*** Opening of Provided data ***

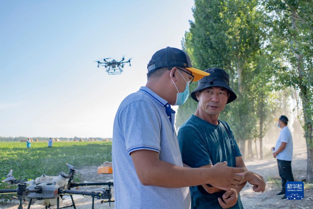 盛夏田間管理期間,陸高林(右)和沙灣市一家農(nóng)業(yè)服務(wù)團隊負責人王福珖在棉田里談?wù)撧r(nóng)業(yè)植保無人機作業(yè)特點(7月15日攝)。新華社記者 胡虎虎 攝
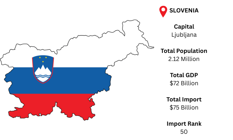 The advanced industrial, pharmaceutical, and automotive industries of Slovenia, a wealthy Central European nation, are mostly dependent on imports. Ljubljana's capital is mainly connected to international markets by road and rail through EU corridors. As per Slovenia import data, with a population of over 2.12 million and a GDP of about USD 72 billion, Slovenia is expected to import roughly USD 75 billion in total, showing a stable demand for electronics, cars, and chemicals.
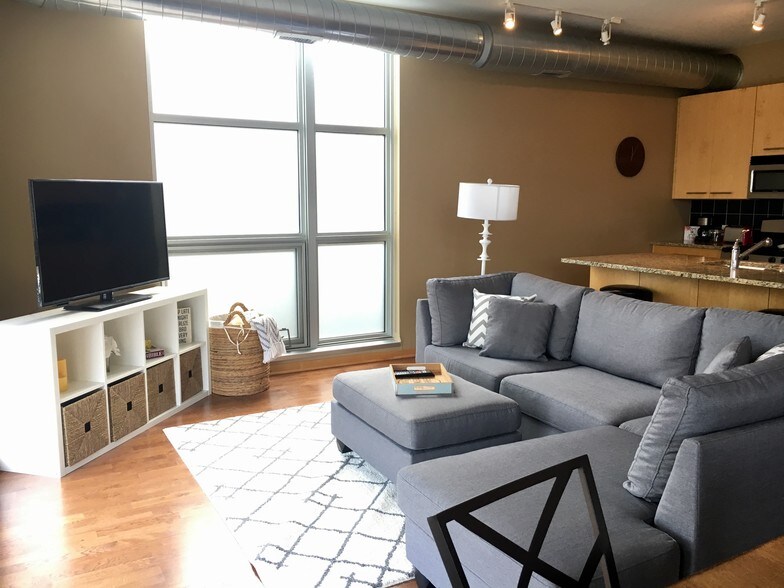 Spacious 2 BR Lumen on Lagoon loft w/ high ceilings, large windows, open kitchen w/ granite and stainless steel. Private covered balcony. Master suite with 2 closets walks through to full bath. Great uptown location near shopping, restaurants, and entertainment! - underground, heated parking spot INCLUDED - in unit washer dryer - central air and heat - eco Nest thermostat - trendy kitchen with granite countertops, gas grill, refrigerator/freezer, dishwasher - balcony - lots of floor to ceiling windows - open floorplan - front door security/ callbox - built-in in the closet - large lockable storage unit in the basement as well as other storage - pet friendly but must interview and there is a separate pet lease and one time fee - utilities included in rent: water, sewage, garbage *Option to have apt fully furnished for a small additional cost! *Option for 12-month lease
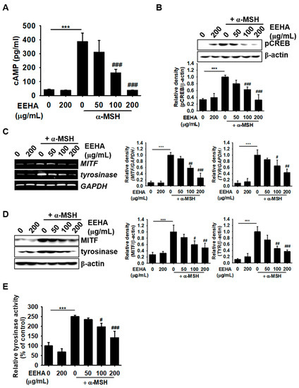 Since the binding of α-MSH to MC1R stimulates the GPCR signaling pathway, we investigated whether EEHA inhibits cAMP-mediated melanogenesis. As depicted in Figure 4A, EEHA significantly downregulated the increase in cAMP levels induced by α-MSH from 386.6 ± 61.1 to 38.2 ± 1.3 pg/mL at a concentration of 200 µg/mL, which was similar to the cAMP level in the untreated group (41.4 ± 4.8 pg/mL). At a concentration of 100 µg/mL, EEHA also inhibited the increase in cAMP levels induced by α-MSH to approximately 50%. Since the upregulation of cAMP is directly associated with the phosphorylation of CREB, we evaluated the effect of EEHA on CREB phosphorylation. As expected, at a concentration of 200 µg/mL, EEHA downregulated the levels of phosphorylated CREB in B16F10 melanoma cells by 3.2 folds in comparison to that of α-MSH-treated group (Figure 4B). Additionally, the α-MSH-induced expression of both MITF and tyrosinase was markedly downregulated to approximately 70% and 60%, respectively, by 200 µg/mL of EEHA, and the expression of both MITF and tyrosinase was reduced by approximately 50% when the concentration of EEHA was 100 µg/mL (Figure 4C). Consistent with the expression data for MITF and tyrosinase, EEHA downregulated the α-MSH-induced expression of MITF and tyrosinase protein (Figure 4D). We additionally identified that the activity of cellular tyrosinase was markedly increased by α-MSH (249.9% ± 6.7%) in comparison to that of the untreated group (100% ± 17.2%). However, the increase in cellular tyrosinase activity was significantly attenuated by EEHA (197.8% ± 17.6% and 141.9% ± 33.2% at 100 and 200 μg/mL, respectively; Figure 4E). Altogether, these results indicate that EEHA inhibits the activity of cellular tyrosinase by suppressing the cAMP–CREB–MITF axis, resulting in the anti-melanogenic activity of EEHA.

*** Close of Provided data ***
*** Opening of Provided data ***

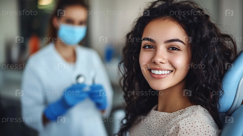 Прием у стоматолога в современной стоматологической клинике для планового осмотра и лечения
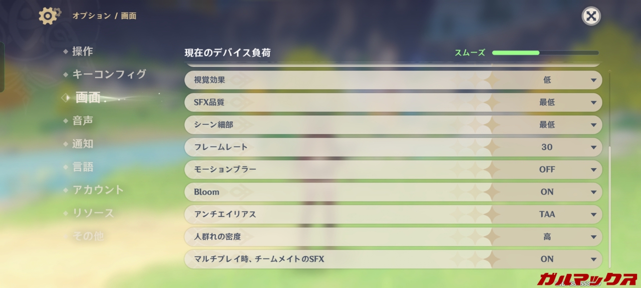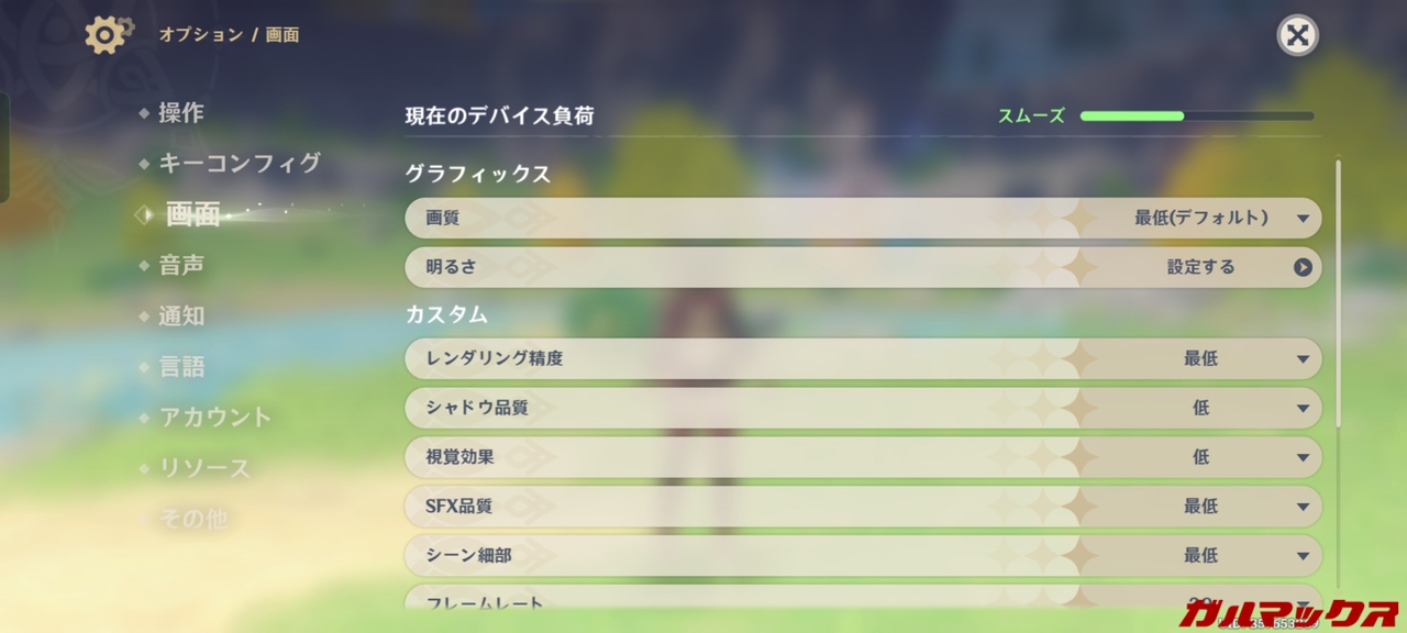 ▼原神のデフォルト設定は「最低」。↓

*** Close of Provided data ***

■ Activity:
Word for word, restate the lines above from the one with "The advanced industrial, pharmaceutical, and" through the one with "Spacious 2 BR", keeping both ends and dropping the pictures.

■ The completed task:
 The advanced industrial, pharmaceutical, and automotive industries of Slovenia, a wealthy Central European nation, are mostly dependent on imports. Ljubljana's capital is mainly connected to international markets by road and rail through EU corridors. As per Slovenia import data, with a population of over 2.12 million and a GDP of about USD 72 billion, Slovenia is expected to import roughly USD 75 billion in total, showing a stable demand for electronics, cars, and chemicals.
 Spacious 2 BR Lumen on Lagoon loft w/ high ceilings, large windows, open kitchen w/ granite and stainless steel. Private covered balcony. Master suite with 2 closets walks through to full bath. Great uptown location near shopping, restaurants, and entertainment! - underground, heated parking spot INCLUDED - in unit washer dryer - central air and heat - eco Nest thermostat - trendy kitchen with granite countertops, gas grill, refrigerator/freezer, dishwasher - balcony - lots of floor to ceiling windows - open floorplan - front door security/ callbox - built-in in the closet - large lockable storage unit in the basement as well as other storage - pet friendly but must interview and there is a separate pet lease and one time fee - utilities included in rent: water, sewage, garbage *Option to have apt fully furnished for a small additional cost! *Option for 12-month lease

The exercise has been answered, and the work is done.